The observable/unobservable distinction One way of trying to undermine the anti-realist’s position is to concentrate on the alleged distinction between what is and what is not observable. The constructive empiricist is committed to the view that there is such a distinction; but this is debatable. Van Fraassen, for example, thinks that when you look into a cloud chamber, what you observe is a vapour trail; you (wrongly, in his view) infer from this observation that there’s a particle there that’s causing the vapour trail. Whereas when you look at normal medium-sized objects like tables, you just straightforwardly observe the table itself. But one could claim that the cloud chamber and table cases aren’t really very different. For when I look at a table, what I really “observe” is a certain surface appearance: a brown 4-sided shape, say. I infer from this observation that there really is a 3-dimensional solid table present; but, just as in the cloud chamber case, I do not
3 directly observe the table. So there isn’t really a distinction between observable and unobservable entities. Hence there’s no good reason to believe in “observable” entities but to suspend belief in “unobservable” entities: sub-atomic particles, magnetic fields and so on are no less observable than are chairs, tables and people. Another strategy against the constructive empiricist is to argue that even if there is an observable/unobservable distinction, we ought not to be completely sceptical about unobservable entities merely on the grounds that we can’t actually see them. For any observable entity which we have never actually observed, we can have good or bad evidence that it exists. Why should we not likewise have good or bad evidence that an unobservable entity exists? Alan Musgrave puts the point like this: On any plausible theory of evidential support one would have to admit that there could be far better evidence for an explanation couched in terms of unobservables than for an explanation couched in terms of observables. Is the evidence for the existence of electrons better or worse than the evidence for the existence of the yeti or of the mouse in van Fraassen’s wainscoting? It is a curious sort of empiricism which sets aside the weight of available evidence on the ground that a casual observer might one day see his mouse or yeti, while the scientist can never see (but only detect) his electrons. (in Churchland and Hooker, p.206)

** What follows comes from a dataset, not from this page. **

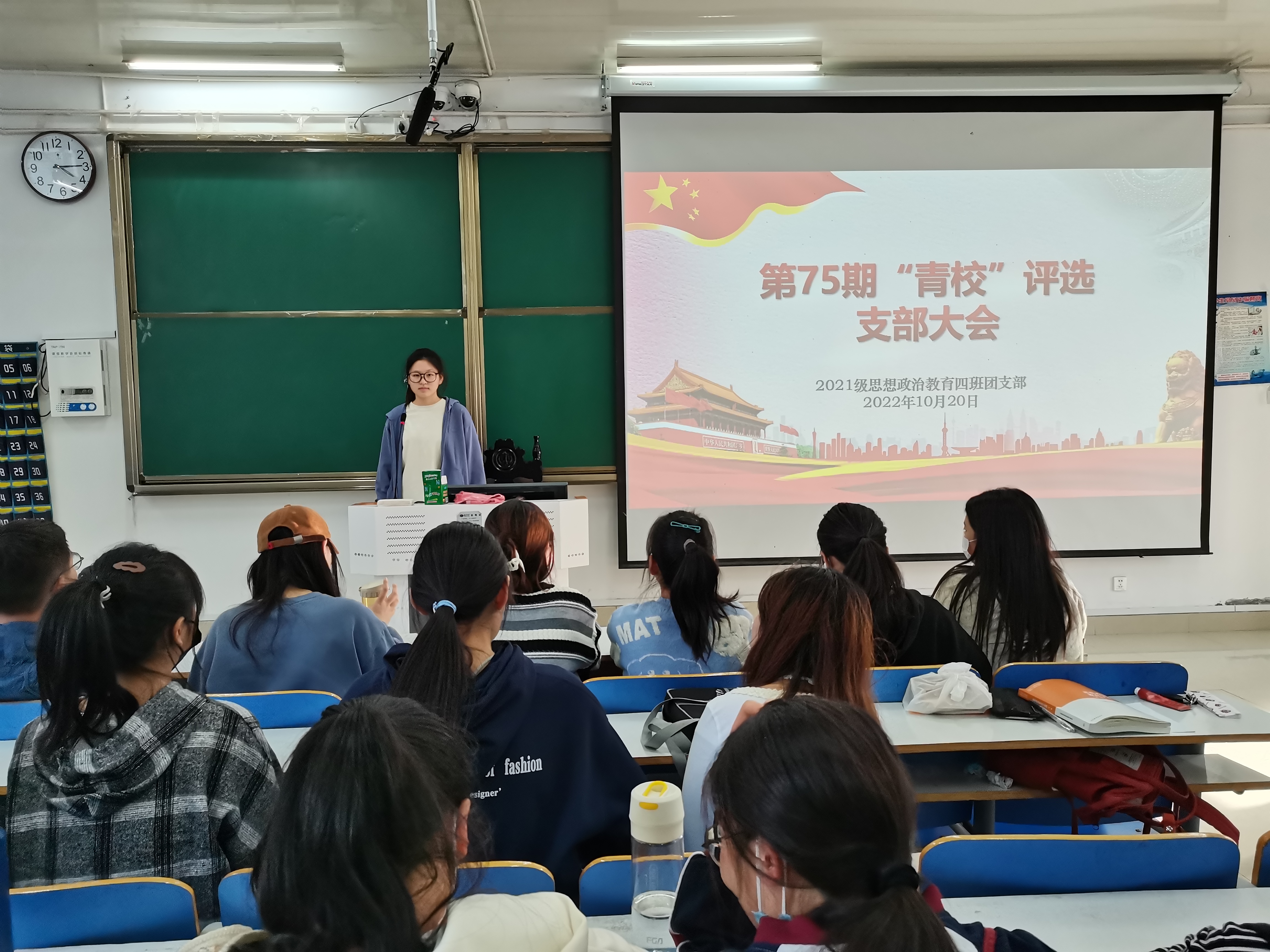 10月20日下午,pp电子官方网站2021级思想政治教育四班在社科楼515教室开展第75期“青校”评选团支部大会。pp电子官方网站2021级思想政治教育四班全体团员共同参与本次会议。会议由团支书刘珂含主持。

Reading B. van Fraassen: The Scientific Image (Q175.V335), chs. 1 & 2 N. Cartwright How the Laws of Physics Lie (QC6.C3586), chs. 4 & 5 A. O’Hear An Introduction to the Philosophy of Science, chs. 5 & 6 P. Churchland & C. Hooker (eds.): Images of Science (Q175.I46) I. Hacking Representing and Intervening (Q175.H2), chs. 1 & 16 S. Psillos ‘On van Fraassen’s critique of abductive reasoning’, Philosophical Quarterly 46 (Jan.1996) (B1.P455) R. Boyd ‘Realism, underdetermination and a causal theory of evidence’, Nous 7 (1973) (B1.N6) G. Maxwell ‘The ontological status of theoretical entities’, Minnesota Studies in Philosophy of Science III (1962) (Q175.M64) J. Worrall ‘Structural Realism: The Best of Both Worlds’, Dialectica 1989 (B1.D48)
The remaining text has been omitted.